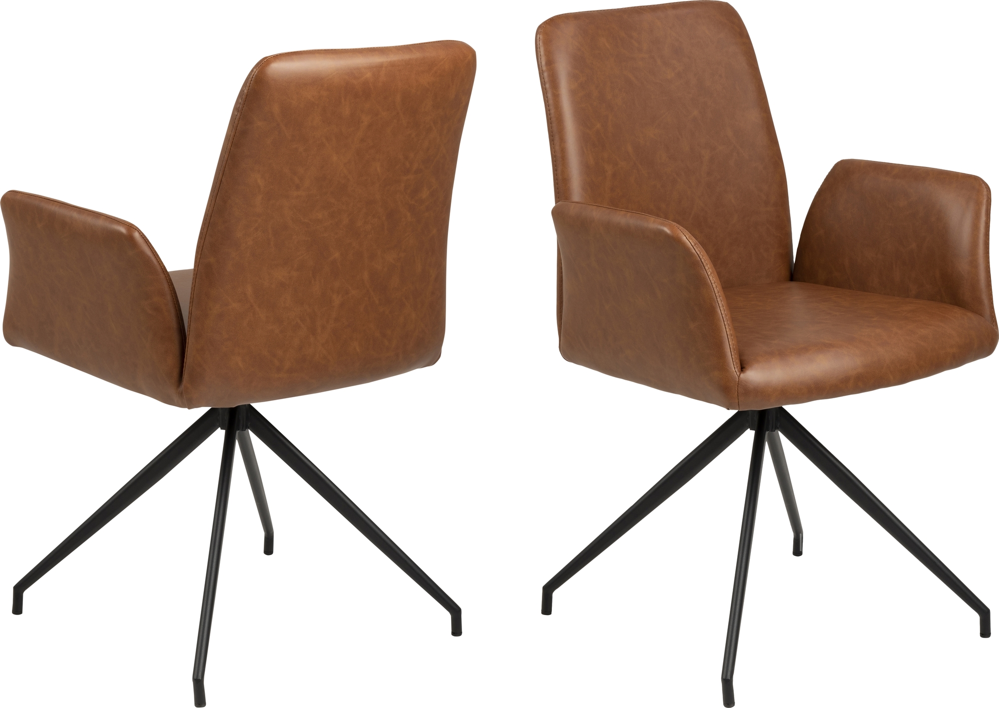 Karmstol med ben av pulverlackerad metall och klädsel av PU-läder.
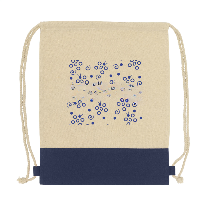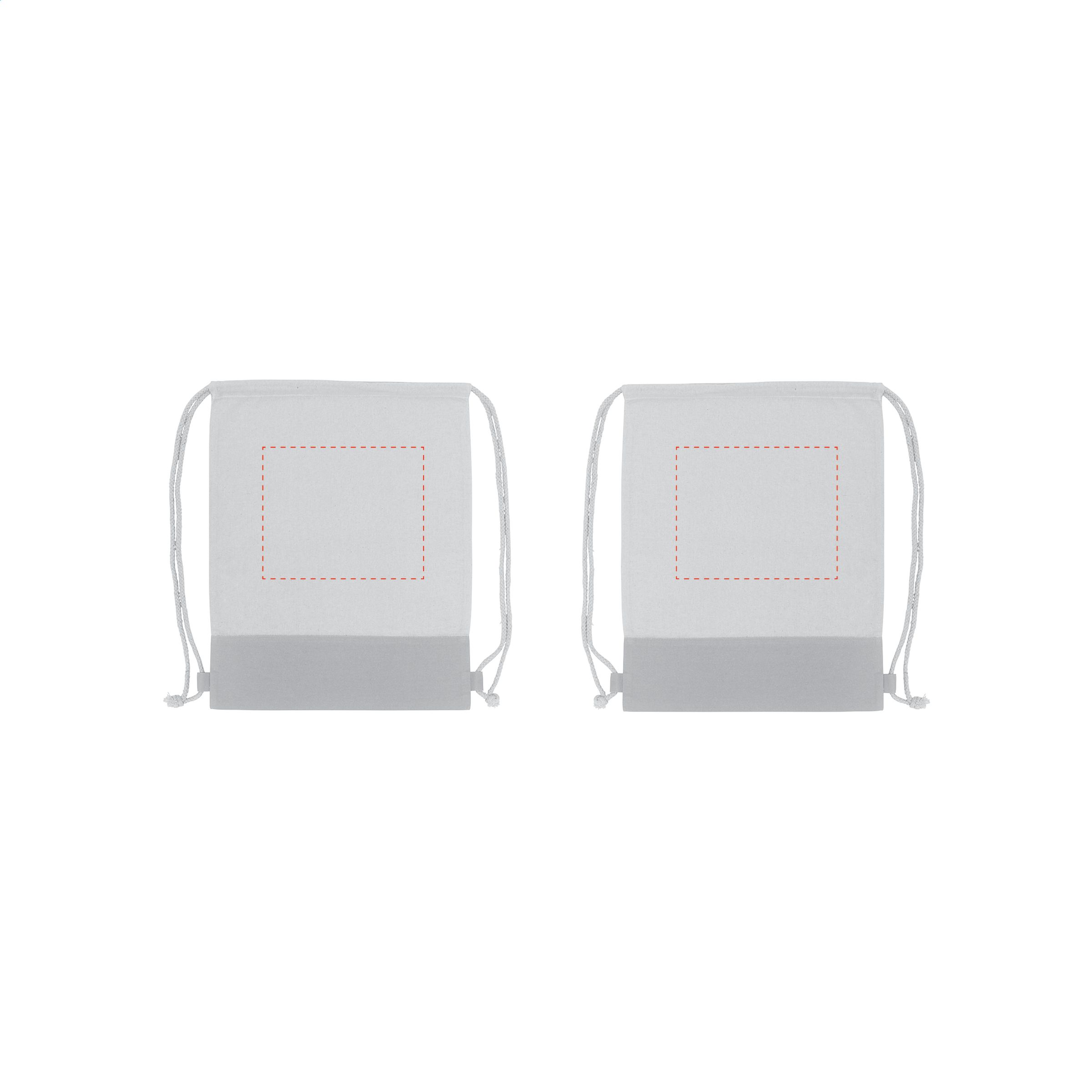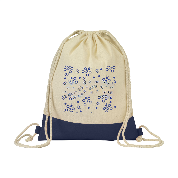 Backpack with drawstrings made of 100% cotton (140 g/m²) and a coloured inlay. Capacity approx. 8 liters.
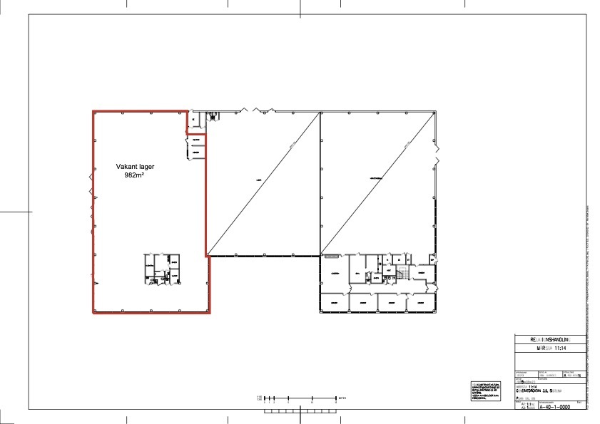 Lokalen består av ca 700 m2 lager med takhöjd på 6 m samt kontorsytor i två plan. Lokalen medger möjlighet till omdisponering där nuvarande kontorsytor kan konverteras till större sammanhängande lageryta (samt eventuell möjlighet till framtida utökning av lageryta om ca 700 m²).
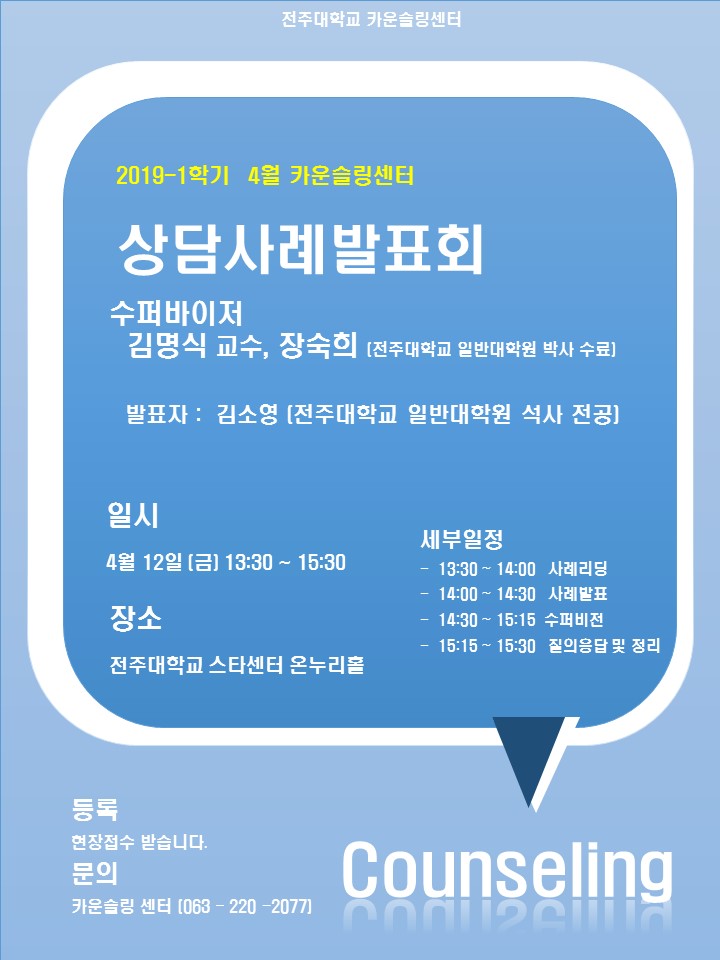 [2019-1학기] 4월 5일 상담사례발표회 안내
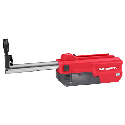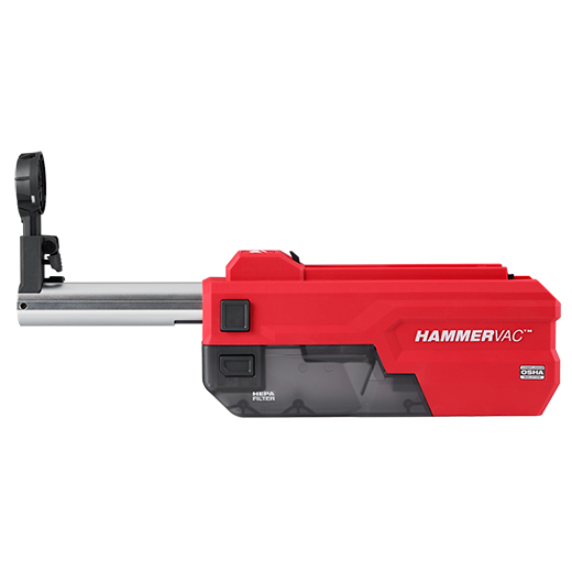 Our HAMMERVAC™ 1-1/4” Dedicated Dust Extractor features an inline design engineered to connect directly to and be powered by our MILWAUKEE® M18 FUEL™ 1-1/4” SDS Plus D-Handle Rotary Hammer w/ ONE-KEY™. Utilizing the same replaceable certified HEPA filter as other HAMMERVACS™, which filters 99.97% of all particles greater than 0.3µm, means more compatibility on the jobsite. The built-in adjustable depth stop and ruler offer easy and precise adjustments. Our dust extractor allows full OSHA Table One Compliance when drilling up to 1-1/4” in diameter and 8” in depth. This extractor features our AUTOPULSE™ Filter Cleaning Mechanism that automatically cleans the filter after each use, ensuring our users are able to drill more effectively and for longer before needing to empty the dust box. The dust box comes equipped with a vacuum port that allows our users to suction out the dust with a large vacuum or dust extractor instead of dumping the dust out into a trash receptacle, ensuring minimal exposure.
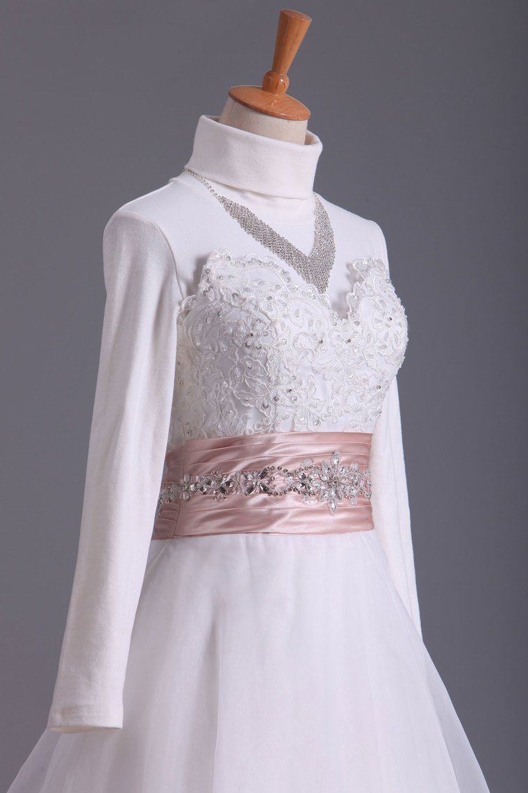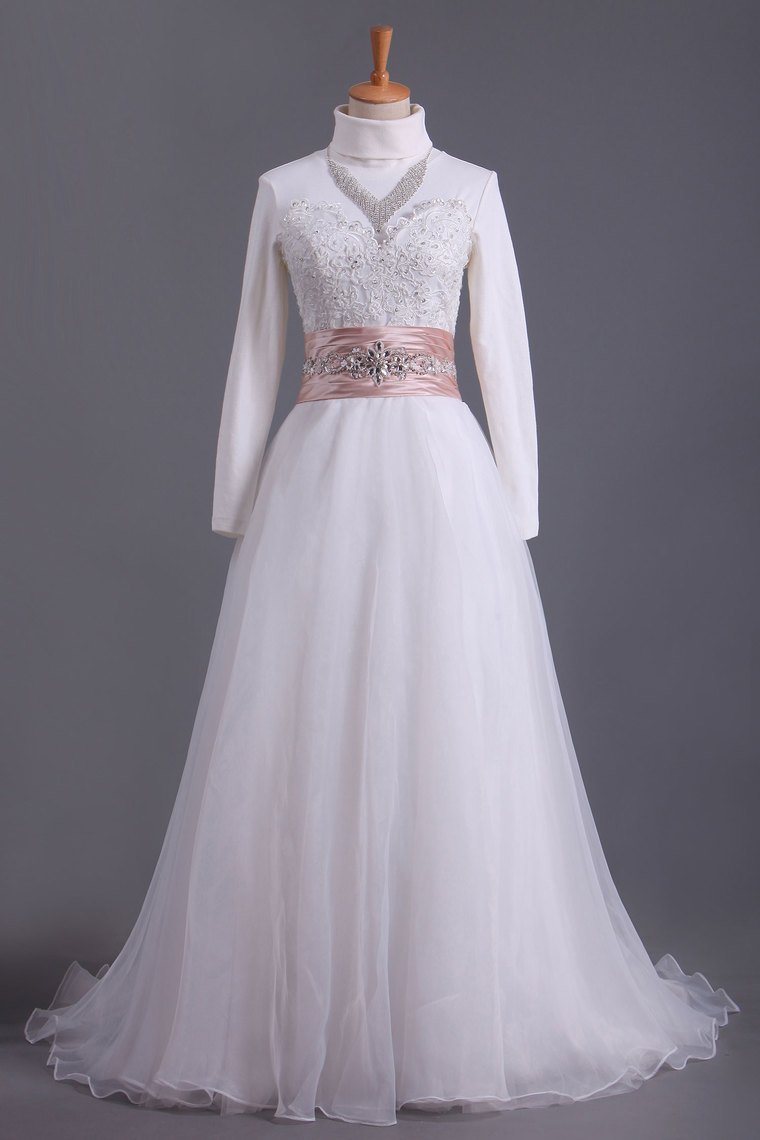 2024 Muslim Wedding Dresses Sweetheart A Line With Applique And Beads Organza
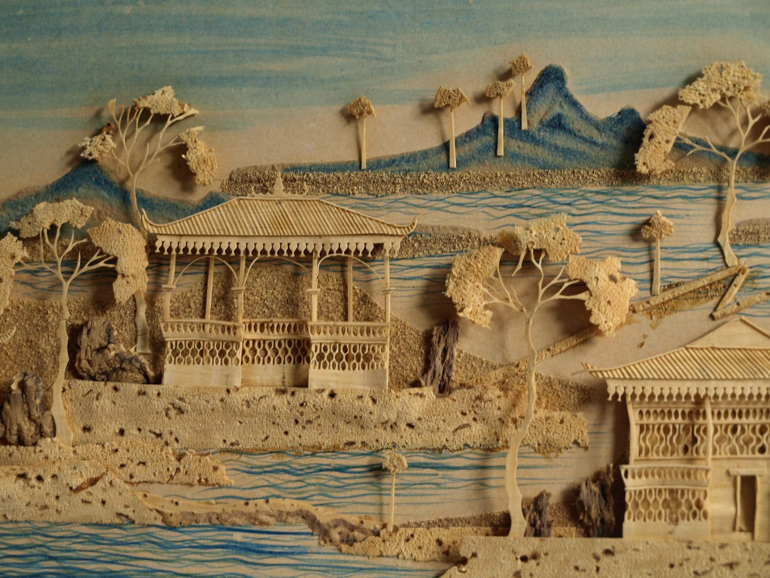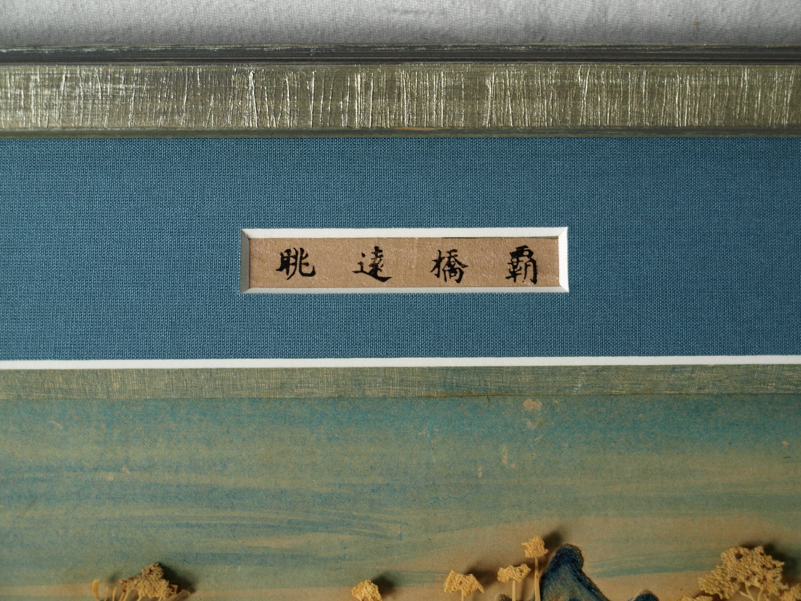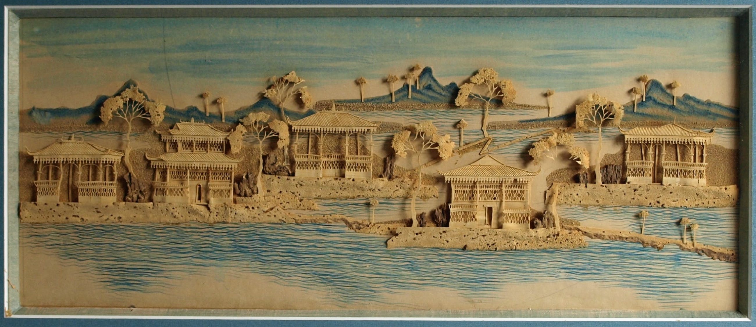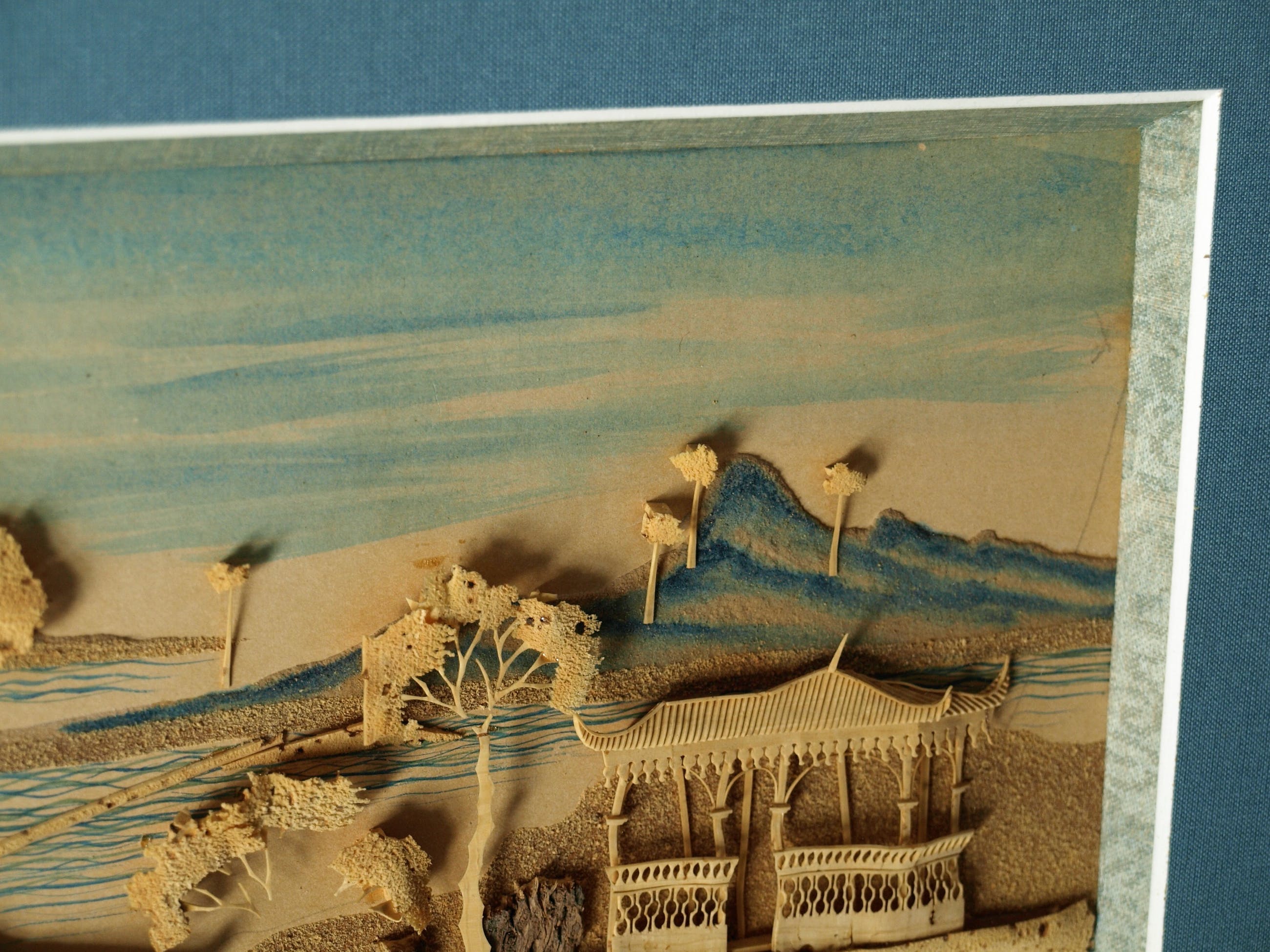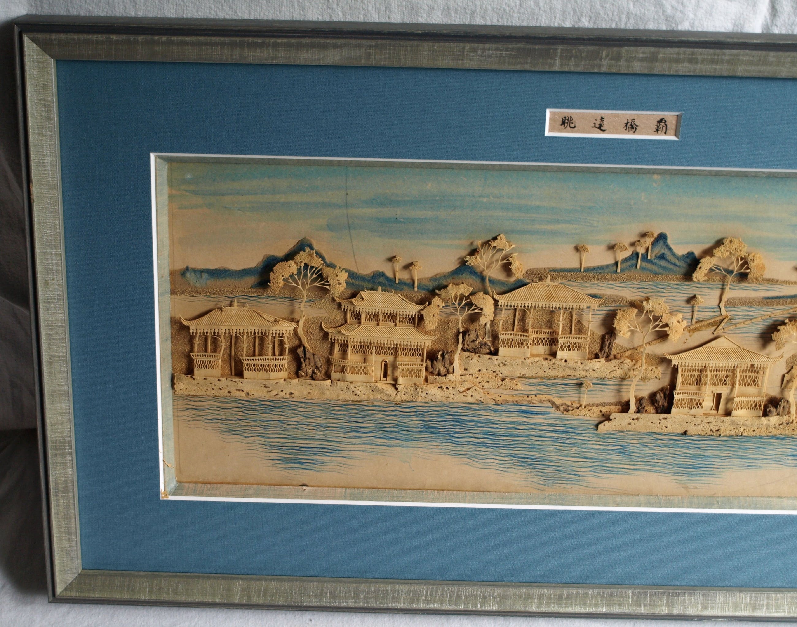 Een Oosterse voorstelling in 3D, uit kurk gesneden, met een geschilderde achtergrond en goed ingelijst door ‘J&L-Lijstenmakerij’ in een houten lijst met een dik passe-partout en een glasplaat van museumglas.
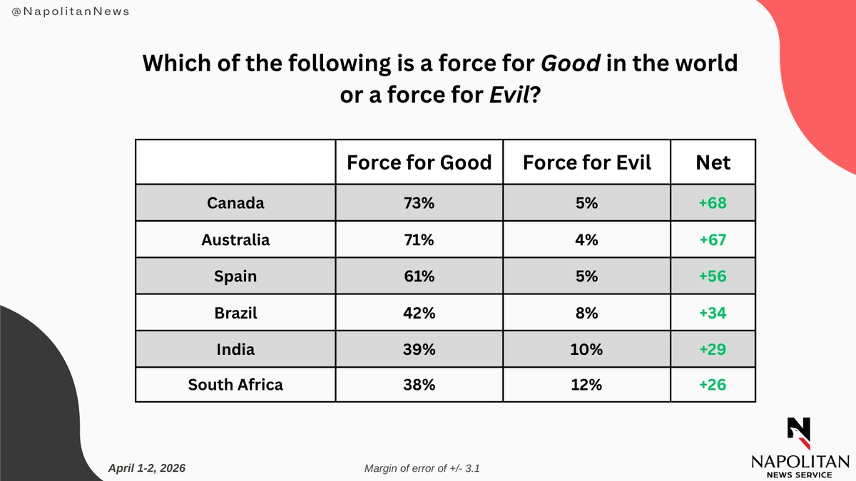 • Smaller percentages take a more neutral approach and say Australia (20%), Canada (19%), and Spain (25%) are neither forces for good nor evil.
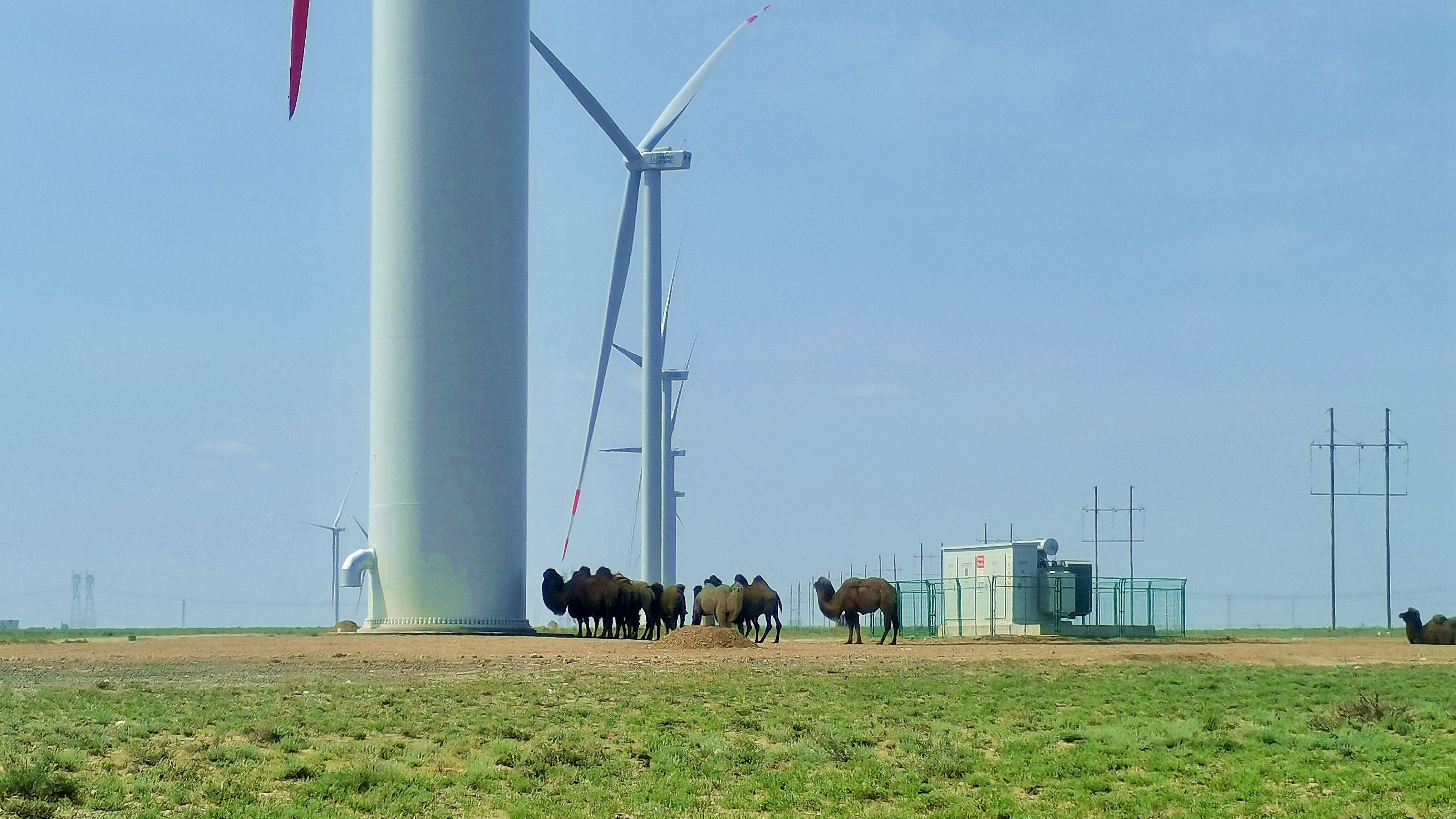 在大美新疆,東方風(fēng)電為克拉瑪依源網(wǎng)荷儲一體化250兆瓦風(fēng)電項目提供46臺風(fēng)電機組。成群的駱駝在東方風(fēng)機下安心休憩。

◇ ◇ ◇ ◇

> _Goal of the exercise_:
If an entry holds a picture, leave that picture out, and transcribe the rest of the listing above exactly.

> _Written solution_:
 Karmstol med ben av pulverlackerad metall och klädsel av PU-läder.
 Backpack with drawstrings made of 100% cotton (140 g/m²) and a coloured inlay. Capacity approx. 8 liters.
 Lokalen består av ca 700 m2 lager med takhöjd på 6 m samt kontorsytor i två plan. Lokalen medger möjlighet till omdisponering där nuvarande kontorsytor kan konverteras till större sammanhängande lageryta (samt eventuell möjlighet till framtida utökning av lageryta om ca 700 m²).
 [2019-1학기] 4월 5일 상담사례발표회 안내
 Our HAMMERVAC™ 1-1/4” Dedicated Dust Extractor features an inline design engineered to connect directly to and be powered by our MILWAUKEE® M18 FUEL™ 1-1/4” SDS Plus D-Handle Rotary Hammer w/ ONE-KEY™. Utilizing the same replaceable certified HEPA filter as other HAMMERVACS™, which filters 99.97% of all particles greater than 0.3µm, means more compatibility on the jobsite. The built-in adjustable depth stop and ruler offer easy and precise adjustments. Our dust extractor allows full OSHA Table One Compliance when drilling up to 1-1/4” in diameter and 8” in depth. This extractor features our AUTOPULSE™ Filter Cleaning Mechanism that automatically cleans the filter after each use, ensuring our users are able to drill more effectively and for longer before needing to empty the dust box. The dust box comes equipped with a vacuum port that allows our users to suction out the dust with a large vacuum or dust extractor instead of dumping the dust out into a trash receptacle, ensuring minimal exposure.
 2024 Muslim Wedding Dresses Sweetheart A Line With Applique And Beads Organza
 Een Oosterse voorstelling in 3D, uit kurk gesneden, met een geschilderde achtergrond en goed ingelijst door ‘J&L-Lijstenmakerij’ in een houten lijst met een dik passe-partout en een glasplaat van museumglas.
 • Smaller percentages take a more neutral approach and say Australia (20%), Canada (19%), and Spain (25%) are neither forces for good nor evil.
 在大美新疆,東方風(fēng)電為克拉瑪依源網(wǎng)荷儲一體化250兆瓦風(fēng)電項目提供46臺風(fēng)電機組。成群的駱駝在東方風(fēng)機下安心休憩。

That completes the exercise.